What is the propose of contextualized word embedding? Consider the source word “bank”. Bank is a homonym: it could mean a financial institution or an area bordering a lake or river. The semantics of bank is important since two of its meaning may correspond to different words in target language. To determine the semantics of bank, one needs to consider the words around it.

Toy Example

Suppose $z_i$ is computed as a weighted sum of $x_i$:

\[z_i = \sum_j w_{ij} x_j \tag{1}\]

where the weight $w_{ij}$ measures the similarity between the $i$-th and $j$-th word. The simplest way to measure similarity is to use a dot product:

\[w'_{ij} = x_i^{\top} x_j \tag{2}\] \[w_{ij} = \frac{\exp(w'_{ij})}{\sum_k \exp(w'_{ik})}\]

Recall the “bank” example, the dot product \(w'_{ij} = x_i^{\top} x_j\) serves this “compute the meaning in context” function. In our toy example, the weight $w_{ij}$ modifies the original word embedding, such that the transformed embedding is more aligned with the content around it.

Transformer

Transformer basically implemented a more complex version of our Toy Example framework:

Let’s first compute some values in an intermediate step:

  • Query: $q_i = W_q x_i$
  • Key: $k_j = W_k x_j$
  • Value: $v_j = W_v x_j$

Compute the weight and normalized weight from the intermediate step:

\[w'_{ij} = q_i^{\top} k_j\] \[w_{ij} = \operatorname{softmax}(w'_{ij})\]

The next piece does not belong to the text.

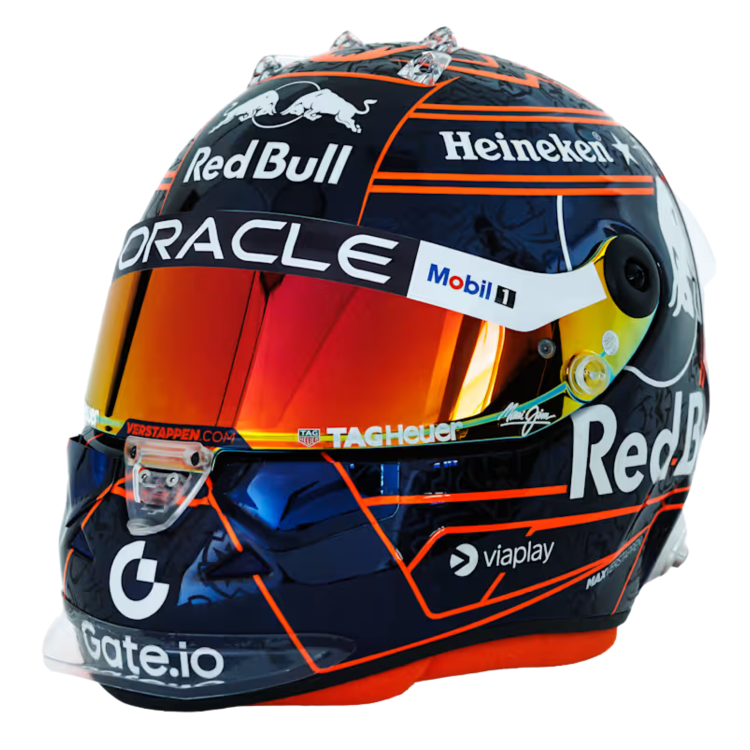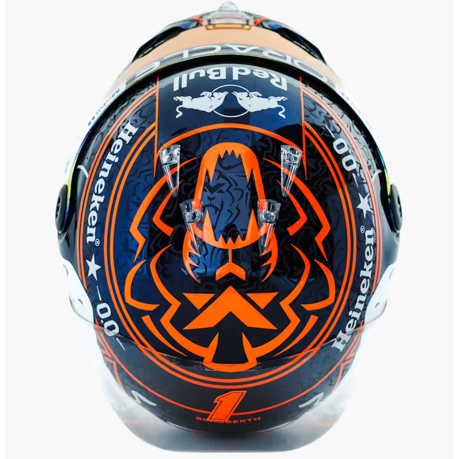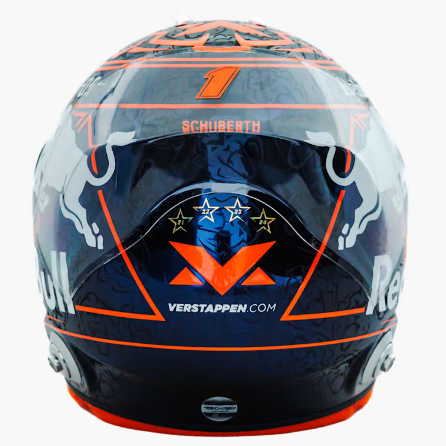Mini helmet Max Verstappen orange in 1:2 scale. The design of this helmet was used at the Austrian, Dutch and Belgian Grand Prix in 2025. Limited quantity available.

Compute output embedding $z$:

\[z_i = \sum_j w_{ij} v_j\]

The connection between Transformer and our Toy Example is:

  • Query is a linear transformation applied to $x_i$ of $\text{Equation } (2)$
  • Key is a linear transformation applied to $x_j$ of $\text{Equation } (2)$
  • Value is a linear transformation applied to $x_j$ of $\text{Equation } (1)$

These linear transformations project word vectors $x_i$ onto higher dimensions, so that latent space of the input vector (e.g., produced by embedding layer or previous self-attention layer) can be disentangled and used for more proposes (e.g., semantic, syntactic). Training a Transformer search the space of $W_q, W_k, W_v$ such that the projections become meaningful in some NLP tasks.

Summary

To highlight connections between CNN, RNN, and Transformer.

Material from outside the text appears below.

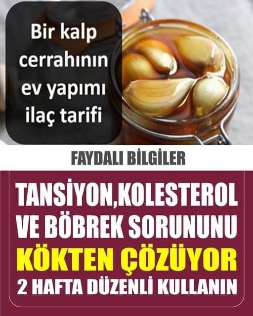 BİR KALP CERRAHININ EV YAPIMI REÇETESİ YÜKSEK TANSİYON İÇİN Sarımsak kesinlikle en iyi doğal ilaçlardan biridir. Güçlü sebze antibakteriyel, antiseptik ve antifungal özelliklere sahiptir ve nerede ise her insanın mutfağında bulunur. Çoğunlukla onu yemeklerimiz için lezzetlendirici olarak kullanıyoruz, ancak bir sarımsak şurubu hazırlamak sayısız ciddi hastalıklarla savaşmanın mükemmel bir yoludur. Şurup ayrıca sarımsak yanında zencefil ve limon da içerir. Her iki bileşen de sağlığımız için sayısız avantaja sahiptir ve vücudunuzu enfeksiyonlardan ve öteki sağlık problemlerinden koruyabilir. Güçlü şurup, soğuk idraknlığı ve grip, öteki bakteriyel ve viral enfeksiyonların yanı sıra gut yada artrit gibi inflamatuvar durumlar için mükemmel bir çözümdür. 3 bileşenin hepsi de genel sıhhat durumunuzu iyileştiren ve çeşitli hastalık ve koşulları tedavi edecek güçlü bileşikler ,önemli vitaminler ve mineraller içerir. ŞURUBU NASIL HAZIRLANIR MALZEMELER 4 tane limon 4 cm zencefil kökü 4 diş sarımsak 2 litre su HAZIRLANIŞI Zencefil, sarımsak ve limonları iyice yıkayın, hepsini parçalamadan önce soyun. Onları bir yiyecek kaşığı su ile blenderda karıştırın. İyice karıştığına kesin olunca bir tencereye alın. İki litre suyu yavaş yavaş ekleyin. Buğu çıkana kadar kaynatın. Kaynadıktan sonrasında ocaktan alın ve soğumaya bırakın.Cam şişelere bölüştürüp, buzdolabında muhafaza edebilirsiniz. Sabahları aç karnına 2 yemek kaşığı ve uyumadan iki saat önce 2 yiyecek kaşığı olmak üzere günde 4 yiyecek kaşığı tüketin. Kardiyo sağlığınızı kontrol altında tutmak için arterlerinizi mutlaka temizleyecektir. Buna ek olarak tansiyonunuzu da belli bir seviyede tutmak için muhteşem bir ilaçtır. Bu karışımın tansiyonu düşürmesinin yanı sıra gripten korumada da çok faydalıdır.. Bu şekilde, yüksek tansiyon rahatsızlığı yaşayan kişilerde, 2 hafta tertipli kullanım ondan sonra kötü kolesterol değerlerinin düştüğü de görülmüş. Bu etkisini ise 2 hafta tertipli kullanımın ardından görebilirsiniz.

CNN vs RNN: An RNN can be viewed as CNN with variable depth, but same kernel across all layers

RNN w Attention vs Transformer: The Attention module in RNN only assign weights to the input sequence. Attention in Transformer both compute weights ($W_q, W_k$) and meanings ($W_v$).

CNN vs Transformer: Transformer can be viewed as a generalized CNN. CNN’s kernels are trained and their weights cannot be changed at inference. Transformer’s kernel weights can change at inference: the weights depend on the input.